## INSTRUCTIONS TO FOLLOW:
Restate word for word the lines of the entries below, starting with the line that holds "Projeto diferenciado: a" and ending with the line that holds "Robe jaune sans", and no others.

## AVAILABLE DATA:
════════
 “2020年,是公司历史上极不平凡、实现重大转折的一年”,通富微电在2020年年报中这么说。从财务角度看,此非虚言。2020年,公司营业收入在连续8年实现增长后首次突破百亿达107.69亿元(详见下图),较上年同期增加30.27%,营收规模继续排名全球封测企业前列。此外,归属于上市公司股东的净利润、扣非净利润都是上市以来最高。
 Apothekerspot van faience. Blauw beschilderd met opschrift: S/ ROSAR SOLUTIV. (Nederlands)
════════
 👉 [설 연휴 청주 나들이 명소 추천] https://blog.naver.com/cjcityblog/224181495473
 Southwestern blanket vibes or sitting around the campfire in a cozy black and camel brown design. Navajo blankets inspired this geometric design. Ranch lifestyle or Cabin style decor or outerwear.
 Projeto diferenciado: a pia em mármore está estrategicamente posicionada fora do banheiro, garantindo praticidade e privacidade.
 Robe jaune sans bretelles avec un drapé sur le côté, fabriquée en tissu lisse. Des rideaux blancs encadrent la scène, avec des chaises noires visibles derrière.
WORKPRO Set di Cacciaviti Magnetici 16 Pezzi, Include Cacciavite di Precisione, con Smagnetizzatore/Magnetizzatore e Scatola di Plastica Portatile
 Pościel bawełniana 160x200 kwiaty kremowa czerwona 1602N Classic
════════
## TASK RESULT:
 Projeto diferenciado: a pia em mármore está estrategicamente posicionada fora do banheiro, garantindo praticidade e privacidade.
 Robe jaune sans bretelles avec un drapé sur le côté, fabriquée en tissu lisse. Des rideaux blancs encadrent la scène, avec des chaises noires visibles derrière.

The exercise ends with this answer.